Model testing. To evaluate the models we, we used confirmatory factor analysis (CFA) in the R package, lavaan (v.0-6.17) with maximum likelihood estimation. Our sample size was 267 We selected fit criteria for their capacity to assess different aspects of the statistical analysis. As is common among SEM researchers, we reported the Chi-square goodness of fit (χ2). This evaluates the discrepancy between the unrestricted sample matrix and the restricted covariance matrix. Although the associated p-value indicates adequate fit when the value is non-significant, it is widely recognized that a large sample size can result in a statistically significant p value (Byrne, 2016b). The comparative fit index (CFI) is an incremental index, comparing the hypothesized model to the independent/baseline model. Adequate fit is determined when CFI values are at least .90 and perhaps higher than .95 (Kline, 2016). The root mean square error of approximation (RMSEA) takes into account the error of approximation in the population and expresses it per degree of freedom. As such, the fit indicator considers the complexity of the model. Ideal values are equal to or less than .05, values less than .08 represent reasonable fit, and values between .08 and .10 represent mediocre fit. The standardized root mean residual is a standardized measure of the mean absolute covariance residual – the overall difference between the observed and predicted correlations. Values greater than .10 may indicate poor fit and inspection of residuals is then advised. Kline (2016) advised researchers to be cautious when using these criteria as strict cut-offs. Elements such as sample size and model complexity should be considered when evaluating fit.

Our first model was unidimensional where each of the 12 items loaded onto a single factor representing overall course evaluations. The Chi-square index was statistically significant \((\chi^2(54)=344.97, p<.001)\) indicating likely misfit. The CFI value of .85 indicated poor fit. The RMSEA = .14 (90% CI [.13, .16]) suggested serious problems. The SRMR value of .07 was below the warning criteria of .10. The AIC and BIC values were 6124.13 and 6134.13, respectively, and will become useful in comparing subsequent models.

Our second model was a single-order, multidimensional model where each of the 12 items loaded onto one of four factors. Standardized pattern coefficients ranged between .74 and .85 on the TradPed factor, between .56 and .84 on the Valued factor, and between .57 and .85 on the SCRPed factor. The Chi-square index was statistically significant \((\chi^2(51) = 224.795, p < 0.001\) indicating some degree of misfit. The CFI value of .907 met the recommendation of .90 but fell below the recommendation of .95. The RMSEA = .113 (90% CI [.098, .128]) was higher than recommended. The SRMR value of .061 remained below the warning criteria of .10. The AIC and BIC values were 6009.95 and 6021.20, respectively.

Our third model represented a second order structure where three first-order factors loaded onto a second factor model. Across a variety of indices, model fit improved: \(\chi^{2}(51) = 224.80, p < .001, CFI = .907, RMSEA = .113, 90%CI(.098, .128), SRMR = .061\). Factor loadings ranged from .75 to .85 for the TradPed scale, .56 to .84 for the Valued-by-Me scale, .57 to .85 for the SCRPed scale, and .80 to .98 for the total scale.

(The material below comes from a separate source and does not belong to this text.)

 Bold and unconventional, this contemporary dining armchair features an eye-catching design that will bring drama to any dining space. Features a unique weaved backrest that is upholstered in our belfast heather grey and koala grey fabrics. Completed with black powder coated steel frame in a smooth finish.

The bifactor model regressed each item on its respective factor while simultaneously regressing each indicator onto an overall evaluation scale. The initial specification failed to converge. Adding the “std.lv = TRUE” to the lavaan::cfa function resulted in convergence. It also identified a negative covariance (i.e., a “Heywood” case). We resolved this issue by respecifying the model with a multiplication of the variance of the item (ClearPresentation) onto itself. This model had the second best fit of those compared thus far: \(\chi^2(43)=262.62, p < .001, CFI = .883, RMSEA = .138, 90%CI [.122, .155], SRMR = .084\) (the correlated factors and second order structures had the best fit). Factor loadings for the three factors ranged from .10 to .50 for the TradPed scale, .24 to .60 for the Valued-by-me scale, and .11 to .78 for the SCRPed scale. Factor loadings for the overall evaluation scale (g) ranged from .37 to .79.

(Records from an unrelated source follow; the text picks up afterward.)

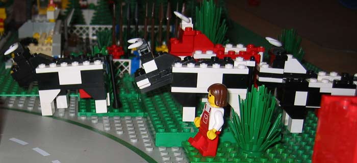 Eigentlich ist der Harms-Hof mittlerweile ein reiner Ackerbaubetrieb und die vier Kühe sind Heikes Hobby. Nur um den Dorfbullen Benno kümmert sich Hein. Die Herde ist eine reine Schwarzbunt-Herde, allerdings mit einem kleinen genetischen Ausreißer. Die Kuh Edda ist rotbunt, obwohl sie von einem schwarzbunten Vater und einer schwarzbunten Mutter abstammt. Hier hat Mendel mit voller Wucht zugeschlagen. (Stand 07.12.2002) |
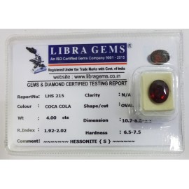 REPORT.NO.LHS 215CLARITY.N/ACOLOUR.COCA COLASHAPE/CUT.OVALWT.4.00 CTSDIMENSION.10.7-8.8-5.1R.INDEX.1.92-2.02HARDNESS.6.5-7.5COMMENT.HESSONITE {S}..
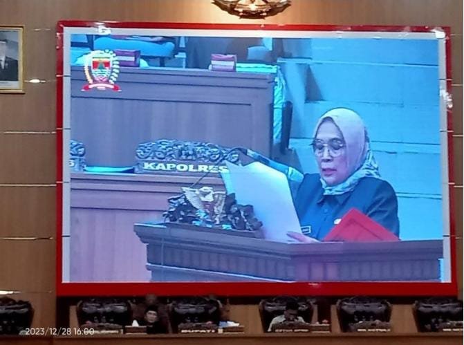 Rapat paripurna yang digelar diruang Rapat Paripurna DPRD Kabupaten Musi Rawas dihadiri Hj Suwarti, Wakil Bupati Kabupaten Musi Rawas (Mura), Provinsi Sumatera Selatan (Sumsel), Jumat (29/12/2023).
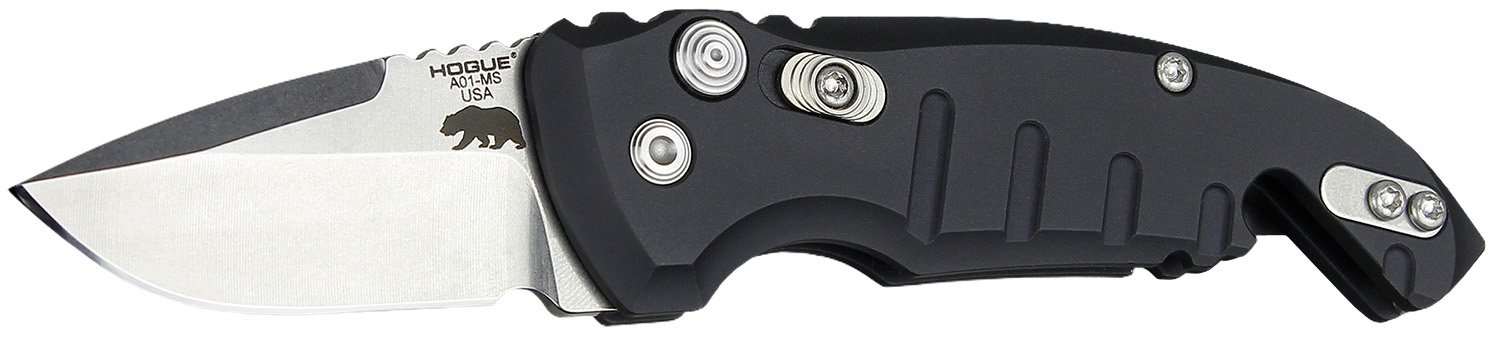 Hogue A01 microswitch folder with a 1.95″ drop point blade, matte black aluminum frame. Built in bottle opener.
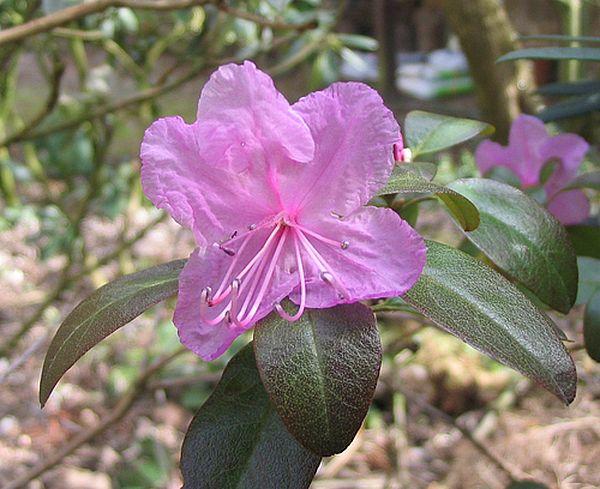 Soeben ist bei mir Rh. mucronulatum aufgeblüht. Eigentlich eine sehr robuste Wildart aus Nord-Ost Asien und Nord-Japan, die sich aber in meinem Garten außerordentlich schwer tut.

As shown in our table of model comparisons, the Chi-square difference tests between models showed statistically significant differences between the unidimensional and correlated factors model (\(\chi ^{2}(3) = 120.178, p < .001\)). The second-order model and bifactor model did not differ from each other (\(\chi ^{2}(8) = -37.828, p = 1.000\)). The CFI, RMSEA, SRMR, AIC, and BIC values all favored the second-order and correlated factors models (which did not differ from each other).

We obtained estimates of model-based internal consistency associated with the second-order model. Specifically, we calculated \(\omega_{ho}\), which represents the proportion of GRMSAAW total score variance due to the higher-order factor. The value of 0.88 indicates strong reliability. Similarly, we obtained omega values for the subscales. These ranged were 0.90, 0.81, and 0.81 for Traditional Pedagogy, Valued-by-the-Student, and Socially Responsive Pedagogy, respectively. Taken together, the omega values from our second order model suggest a strong general factor and strong subscales.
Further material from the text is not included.